### Study material
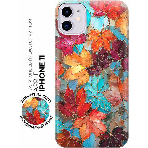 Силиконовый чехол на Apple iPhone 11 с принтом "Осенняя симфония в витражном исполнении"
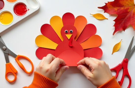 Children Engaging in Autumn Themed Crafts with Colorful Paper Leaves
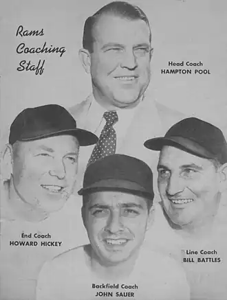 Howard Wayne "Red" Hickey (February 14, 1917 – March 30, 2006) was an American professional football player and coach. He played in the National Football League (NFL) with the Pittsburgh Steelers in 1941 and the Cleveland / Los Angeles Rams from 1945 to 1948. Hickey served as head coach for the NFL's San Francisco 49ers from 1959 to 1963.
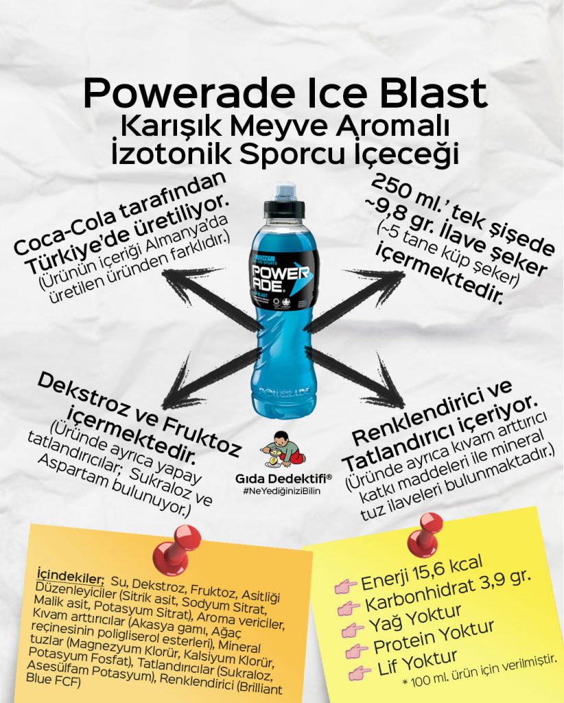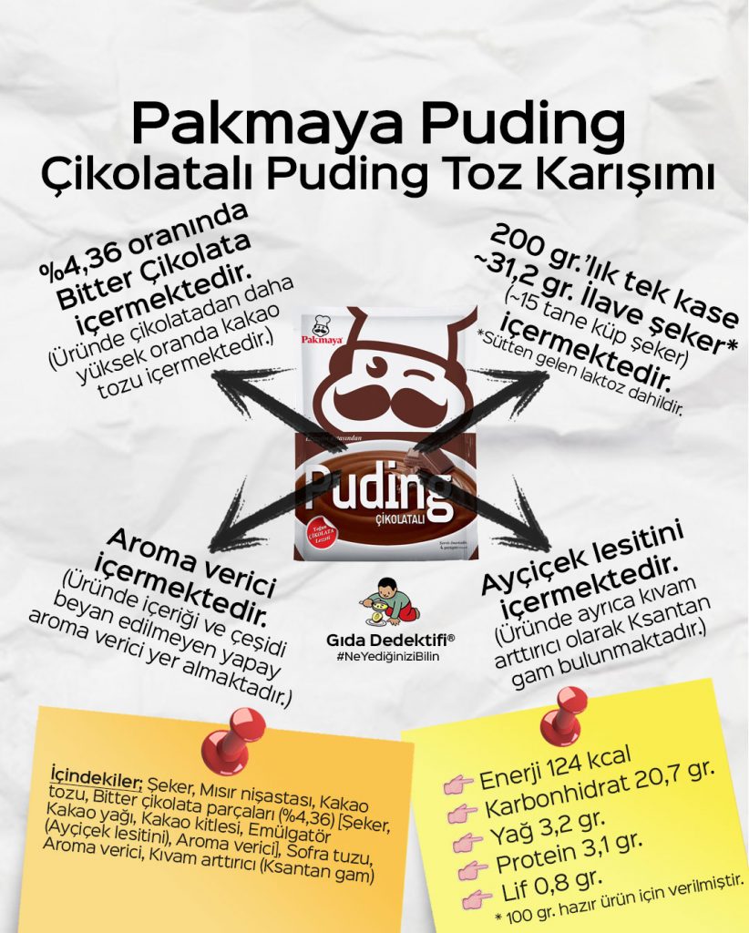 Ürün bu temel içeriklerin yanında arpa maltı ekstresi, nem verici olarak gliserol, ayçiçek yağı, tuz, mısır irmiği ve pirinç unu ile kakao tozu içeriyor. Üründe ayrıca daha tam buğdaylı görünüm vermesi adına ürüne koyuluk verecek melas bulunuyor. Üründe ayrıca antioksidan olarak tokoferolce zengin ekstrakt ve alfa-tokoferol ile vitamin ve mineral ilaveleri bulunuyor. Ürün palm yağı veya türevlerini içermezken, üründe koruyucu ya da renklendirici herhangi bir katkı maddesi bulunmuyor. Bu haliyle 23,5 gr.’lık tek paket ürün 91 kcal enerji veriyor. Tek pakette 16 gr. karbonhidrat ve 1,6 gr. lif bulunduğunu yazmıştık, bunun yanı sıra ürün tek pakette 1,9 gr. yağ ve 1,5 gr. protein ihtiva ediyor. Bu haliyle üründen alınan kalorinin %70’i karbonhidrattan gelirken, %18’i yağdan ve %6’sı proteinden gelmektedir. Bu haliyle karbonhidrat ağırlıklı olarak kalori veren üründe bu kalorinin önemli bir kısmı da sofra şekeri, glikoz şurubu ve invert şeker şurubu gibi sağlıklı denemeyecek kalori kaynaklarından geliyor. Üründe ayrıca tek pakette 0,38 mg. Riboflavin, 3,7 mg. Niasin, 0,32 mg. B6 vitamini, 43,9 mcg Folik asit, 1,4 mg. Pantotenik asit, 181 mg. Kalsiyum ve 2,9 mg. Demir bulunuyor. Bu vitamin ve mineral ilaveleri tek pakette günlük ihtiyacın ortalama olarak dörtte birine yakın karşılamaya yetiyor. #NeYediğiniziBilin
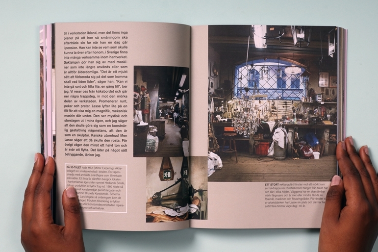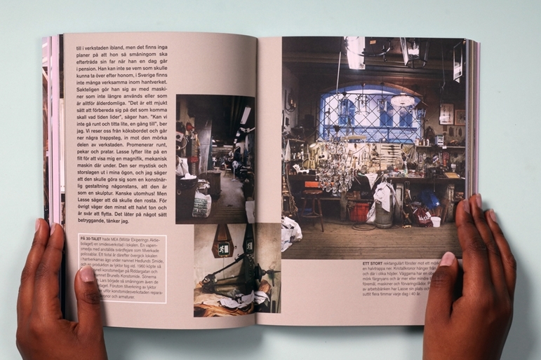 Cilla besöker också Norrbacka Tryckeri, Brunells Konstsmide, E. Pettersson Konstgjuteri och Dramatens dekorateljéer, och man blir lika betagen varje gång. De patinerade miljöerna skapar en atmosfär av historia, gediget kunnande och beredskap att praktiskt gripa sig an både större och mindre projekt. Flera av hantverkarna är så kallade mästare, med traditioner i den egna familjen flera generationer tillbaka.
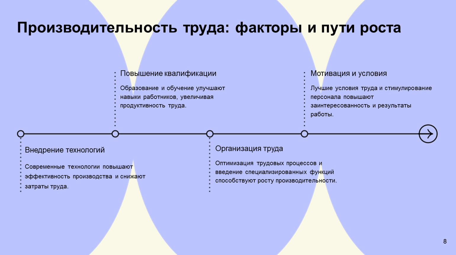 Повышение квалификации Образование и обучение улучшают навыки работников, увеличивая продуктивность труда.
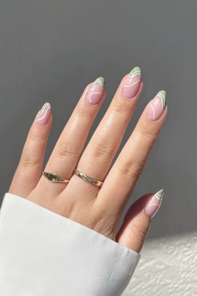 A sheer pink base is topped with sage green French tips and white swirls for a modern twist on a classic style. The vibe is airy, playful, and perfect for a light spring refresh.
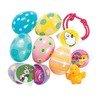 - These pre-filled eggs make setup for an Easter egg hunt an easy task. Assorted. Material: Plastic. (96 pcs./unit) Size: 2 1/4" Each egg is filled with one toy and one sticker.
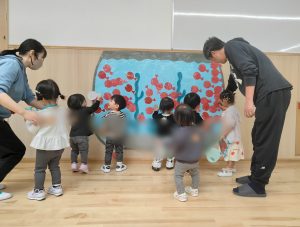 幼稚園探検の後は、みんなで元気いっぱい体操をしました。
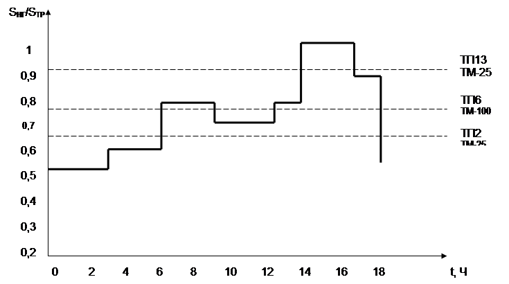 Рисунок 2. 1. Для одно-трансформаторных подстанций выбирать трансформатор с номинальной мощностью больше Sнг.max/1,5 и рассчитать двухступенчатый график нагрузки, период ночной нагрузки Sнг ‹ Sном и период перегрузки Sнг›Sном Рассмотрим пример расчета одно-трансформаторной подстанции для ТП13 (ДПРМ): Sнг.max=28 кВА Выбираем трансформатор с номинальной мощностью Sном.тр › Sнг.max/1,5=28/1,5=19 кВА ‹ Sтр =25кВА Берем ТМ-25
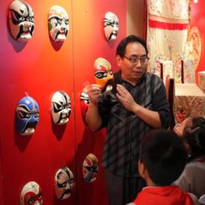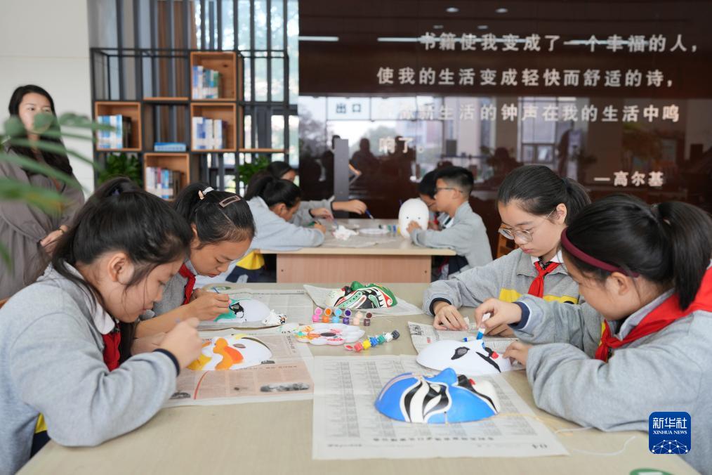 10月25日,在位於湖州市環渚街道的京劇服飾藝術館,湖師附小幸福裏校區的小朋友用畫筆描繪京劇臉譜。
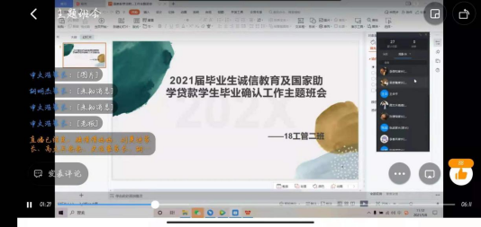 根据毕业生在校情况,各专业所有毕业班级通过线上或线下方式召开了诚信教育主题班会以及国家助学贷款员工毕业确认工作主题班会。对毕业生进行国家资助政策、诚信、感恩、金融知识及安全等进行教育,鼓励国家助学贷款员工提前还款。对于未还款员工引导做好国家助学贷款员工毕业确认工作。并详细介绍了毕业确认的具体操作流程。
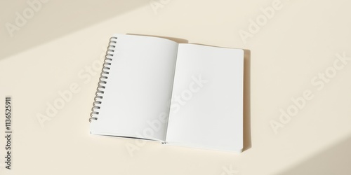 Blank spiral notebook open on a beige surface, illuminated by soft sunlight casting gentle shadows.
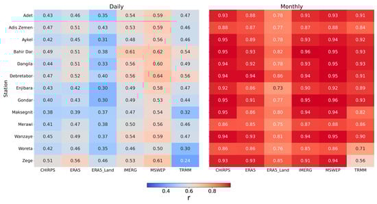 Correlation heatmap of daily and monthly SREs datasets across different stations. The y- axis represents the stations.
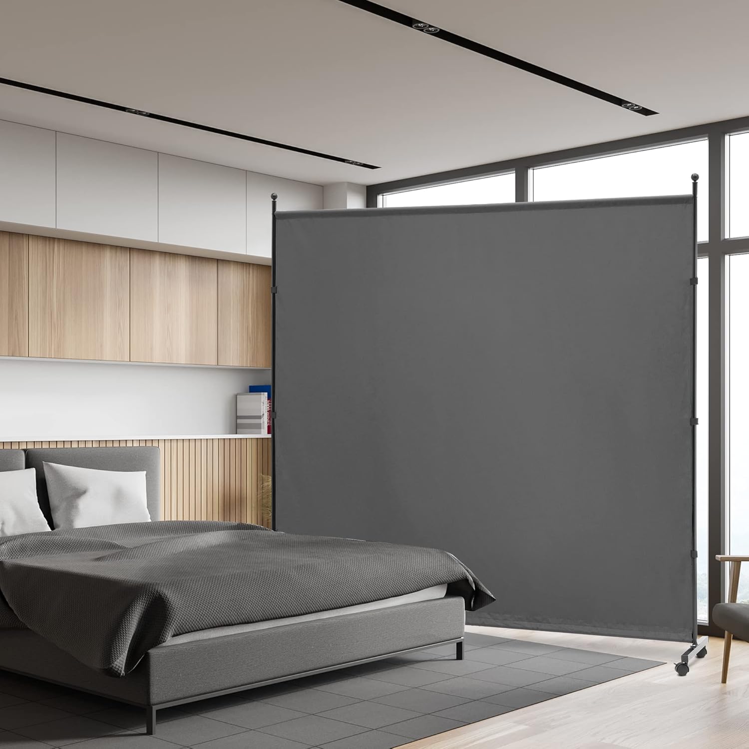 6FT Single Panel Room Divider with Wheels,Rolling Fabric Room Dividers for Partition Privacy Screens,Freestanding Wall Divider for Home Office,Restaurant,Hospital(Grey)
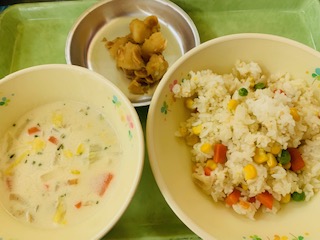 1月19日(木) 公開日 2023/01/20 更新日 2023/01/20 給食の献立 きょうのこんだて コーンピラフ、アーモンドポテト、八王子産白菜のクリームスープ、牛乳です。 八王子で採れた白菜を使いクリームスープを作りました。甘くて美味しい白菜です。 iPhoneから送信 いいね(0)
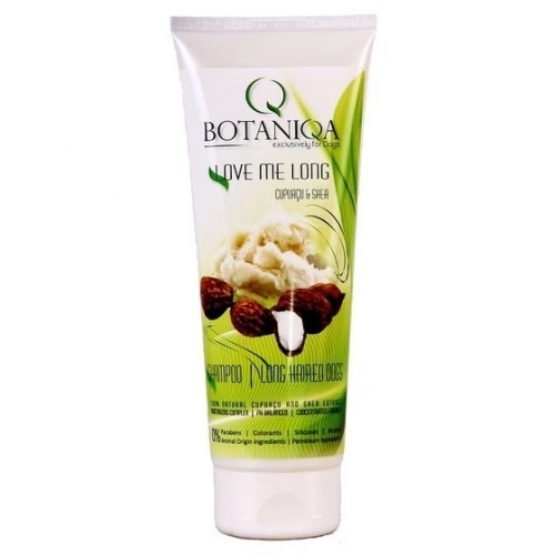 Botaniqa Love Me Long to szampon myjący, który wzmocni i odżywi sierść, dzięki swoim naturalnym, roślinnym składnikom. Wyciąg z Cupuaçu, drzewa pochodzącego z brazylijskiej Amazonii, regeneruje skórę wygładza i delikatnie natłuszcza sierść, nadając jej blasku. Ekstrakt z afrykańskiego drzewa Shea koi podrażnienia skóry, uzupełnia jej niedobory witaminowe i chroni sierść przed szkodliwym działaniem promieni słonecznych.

### Exercise objective
Send back the data above word for word, with the pictures left out.

### Solution to this exercise
 Силиконовый чехол на Apple iPhone 11 с принтом "Осенняя симфония в витражном исполнении"
 Children Engaging in Autumn Themed Crafts with Colorful Paper Leaves
 Howard Wayne "Red" Hickey (February 14, 1917 – March 30, 2006) was an American professional football player and coach. He played in the National Football League (NFL) with the Pittsburgh Steelers in 1941 and the Cleveland / Los Angeles Rams from 1945 to 1948. Hickey served as head coach for the NFL's San Francisco 49ers from 1959 to 1963.
 Ürün bu temel içeriklerin yanında arpa maltı ekstresi, nem verici olarak gliserol, ayçiçek yağı, tuz, mısır irmiği ve pirinç unu ile kakao tozu içeriyor. Üründe ayrıca daha tam buğdaylı görünüm vermesi adına ürüne koyuluk verecek melas bulunuyor. Üründe ayrıca antioksidan olarak tokoferolce zengin ekstrakt ve alfa-tokoferol ile vitamin ve mineral ilaveleri bulunuyor. Ürün palm yağı veya türevlerini içermezken, üründe koruyucu ya da renklendirici herhangi bir katkı maddesi bulunmuyor. Bu haliyle 23,5 gr.’lık tek paket ürün 91 kcal enerji veriyor. Tek pakette 16 gr. karbonhidrat ve 1,6 gr. lif bulunduğunu yazmıştık, bunun yanı sıra ürün tek pakette 1,9 gr. yağ ve 1,5 gr. protein ihtiva ediyor. Bu haliyle üründen alınan kalorinin %70’i karbonhidrattan gelirken, %18’i yağdan ve %6’sı proteinden gelmektedir. Bu haliyle karbonhidrat ağırlıklı olarak kalori veren üründe bu kalorinin önemli bir kısmı da sofra şekeri, glikoz şurubu ve invert şeker şurubu gibi sağlıklı denemeyecek kalori kaynaklarından geliyor. Üründe ayrıca tek pakette 0,38 mg. Riboflavin, 3,7 mg. Niasin, 0,32 mg. B6 vitamini, 43,9 mcg Folik asit, 1,4 mg. Pantotenik asit, 181 mg. Kalsiyum ve 2,9 mg. Demir bulunuyor. Bu vitamin ve mineral ilaveleri tek pakette günlük ihtiyacın ortalama olarak dörtte birine yakın karşılamaya yetiyor. #NeYediğiniziBilin
 Cilla besöker också Norrbacka Tryckeri, Brunells Konstsmide, E. Pettersson Konstgjuteri och Dramatens dekorateljéer, och man blir lika betagen varje gång. De patinerade miljöerna skapar en atmosfär av historia, gediget kunnande och beredskap att praktiskt gripa sig an både större och mindre projekt. Flera av hantverkarna är så kallade mästare, med traditioner i den egna familjen flera generationer tillbaka.
 Повышение квалификации Образование и обучение улучшают навыки работников, увеличивая продуктивность труда.
 A sheer pink base is topped with sage green French tips and white swirls for a modern twist on a classic style. The vibe is airy, playful, and perfect for a light spring refresh.
 - These pre-filled eggs make setup for an Easter egg hunt an easy task. Assorted. Material: Plastic. (96 pcs./unit) Size: 2 1/4" Each egg is filled with one toy and one sticker.
 幼稚園探検の後は、みんなで元気いっぱい体操をしました。
 Рисунок 2. 1. Для одно-трансформаторных подстанций выбирать трансформатор с номинальной мощностью больше Sнг.max/1,5 и рассчитать двухступенчатый график нагрузки, период ночной нагрузки Sнг ‹ Sном и период перегрузки Sнг›Sном Рассмотрим пример расчета одно-трансформаторной подстанции для ТП13 (ДПРМ): Sнг.max=28 кВА Выбираем трансформатор с номинальной мощностью Sном.тр › Sнг.max/1,5=28/1,5=19 кВА ‹ Sтр =25кВА Берем ТМ-25
 10月25日,在位於湖州市環渚街道的京劇服飾藝術館,湖師附小幸福裏校區的小朋友用畫筆描繪京劇臉譜。
 根据毕业生在校情况,各专业所有毕业班级通过线上或线下方式召开了诚信教育主题班会以及国家助学贷款员工毕业确认工作主题班会。对毕业生进行国家资助政策、诚信、感恩、金融知识及安全等进行教育,鼓励国家助学贷款员工提前还款。对于未还款员工引导做好国家助学贷款员工毕业确认工作。并详细介绍了毕业确认的具体操作流程。
 Blank spiral notebook open on a beige surface, illuminated by soft sunlight casting gentle shadows.
 Correlation heatmap of daily and monthly SREs datasets across different stations. The y- axis represents the stations.
 6FT Single Panel Room Divider with Wheels,Rolling Fabric Room Dividers for Partition Privacy Screens,Freestanding Wall Divider for Home Office,Restaurant,Hospital(Grey)
 1月19日(木) 公開日 2023/01/20 更新日 2023/01/20 給食の献立 きょうのこんだて コーンピラフ、アーモンドポテト、八王子産白菜のクリームスープ、牛乳です。 八王子で採れた白菜を使いクリームスープを作りました。甘くて美味しい白菜です。 iPhoneから送信 いいね(0)
 Botaniqa Love Me Long to szampon myjący, który wzmocni i odżywi sierść, dzięki swoim naturalnym, roślinnym składnikom. Wyciąg z Cupuaçu, drzewa pochodzącego z brazylijskiej Amazonii, regeneruje skórę wygładza i delikatnie natłuszcza sierść, nadając jej blasku. Ekstrakt z afrykańskiego drzewa Shea koi podrażnienia skóry, uzupełnia jej niedobory witaminowe i chroni sierść przed szkodliwym działaniem promieni słonecznych.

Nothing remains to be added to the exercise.